Hetty nodded her head sagely.

“Guess you’ve a place for me in that automobile, Poppa,” she said. “I’ll come with you to the office, wait while you get the papers, and go on with you to the Conference building—and while you’re there I’ll go on to see that doctor. I shall be back in time to pick you up before you are finished with your old Conference.”

Her father saw no objection to this, was in fact secretly glad to have her under his eye as long as possible.

“Mind, no tricks about the doctor!” he said, with an assumption of severity.

“Sure, Poppa!” was her equable reply.

A few minutes later saw them speeding through the keen air of a frosty morning toward Forsdyke’s office. But the interior of the limousine was warm, and Hetty, snug in her furs, looked a picture of young, healthy beauty, looked—— A memory came to Henry Forsdyke in a pang that brought a sigh. He thought of the Professor’s suggestion of last night. Of course, the whole thing was absurd!—but he wondered——

The car swung into the sidewalk in front of the Government building, stopped before the big doorway with the marble steps. Forsdyke got out.

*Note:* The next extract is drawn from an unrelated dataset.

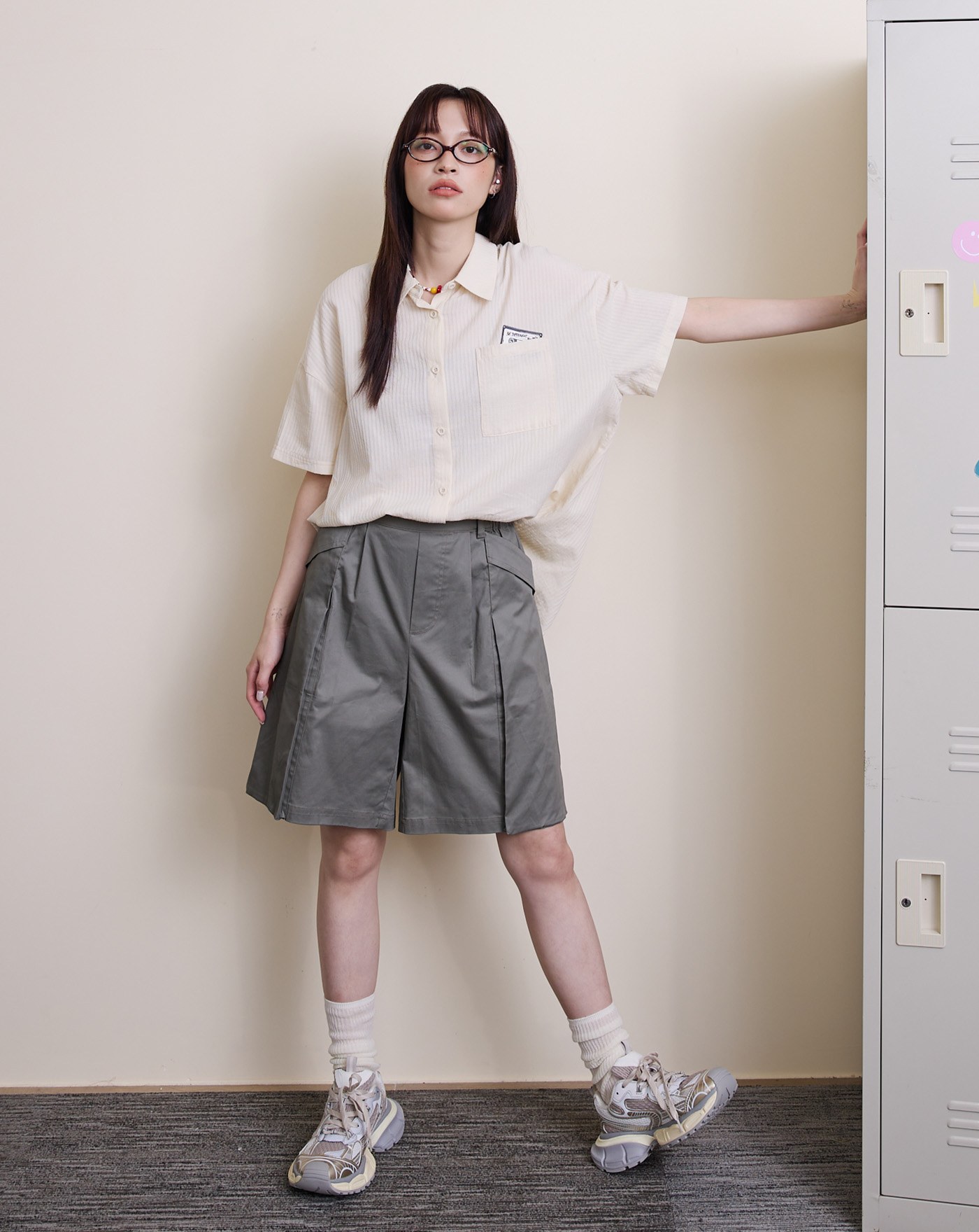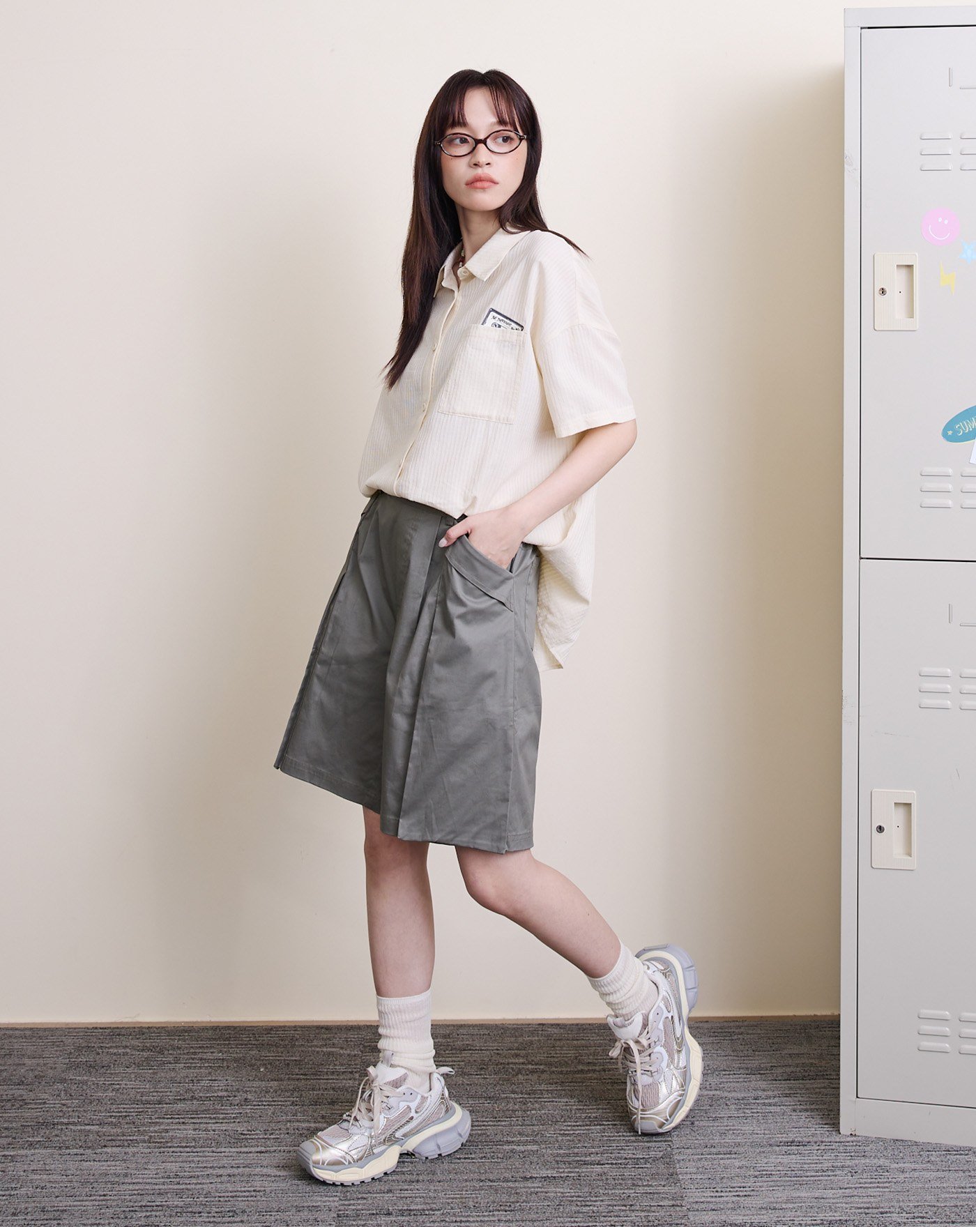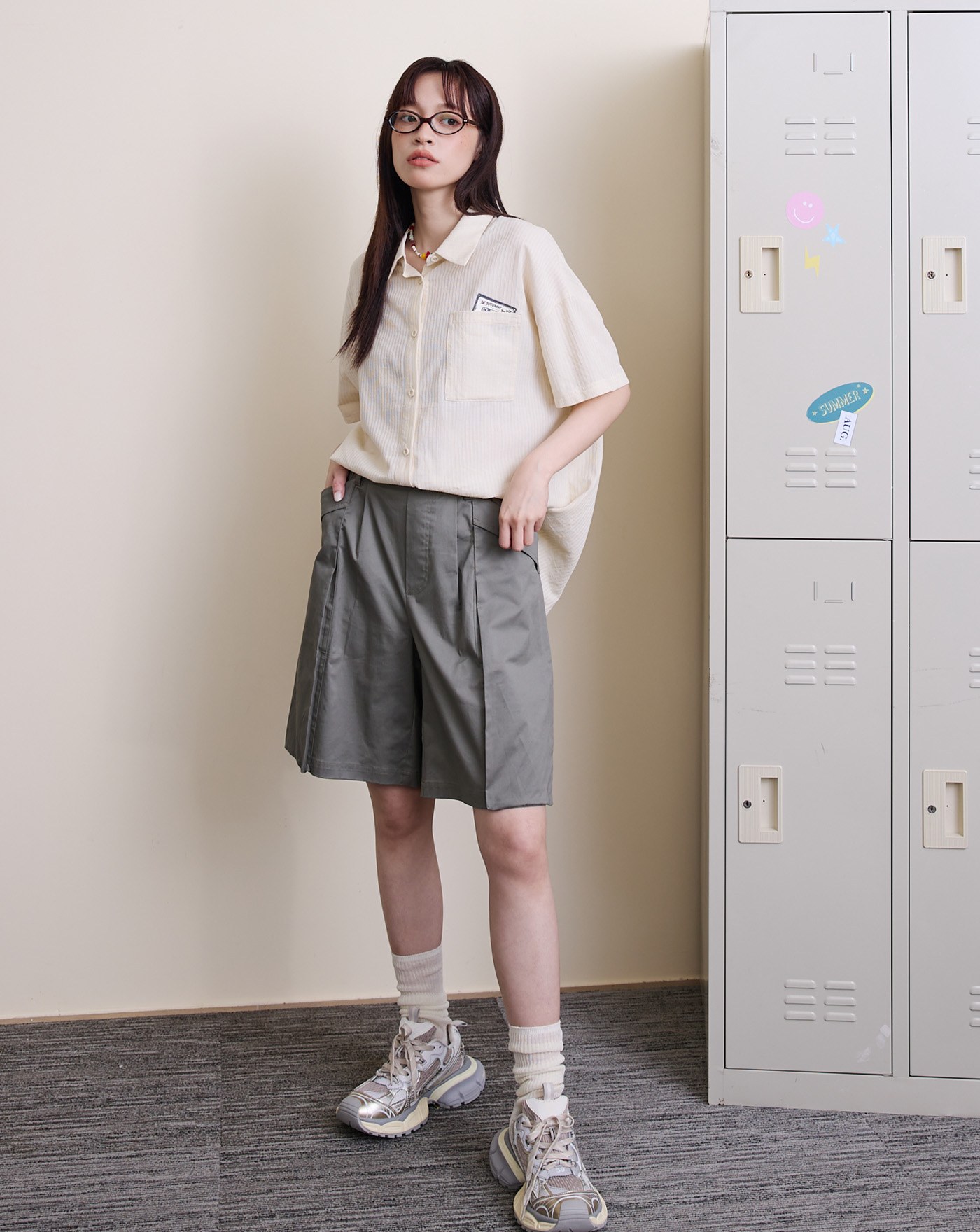 復古趣味設計不對稱下擺條紋短袖襯衫(兩色)

“I shall be back in a few minutes,” he said.

Hetty watched him go across the pavement, ascend the marble steps. He looked neither to right nor left. Then who was that with him? Hetty felt her heart stop. Who was that who passed into the doorway with him? No one had been on the steps—she was suddenly sure of it. Yet—her heart began to pump again—certainly two figures had passed through the swing-doors! She sat chilled and paralyzed for the moment in which she visualized the memory of those two figures passing into the shadow of the interior—tried to think when she had first perceived the second. A certitude shot through her, a wild alarm.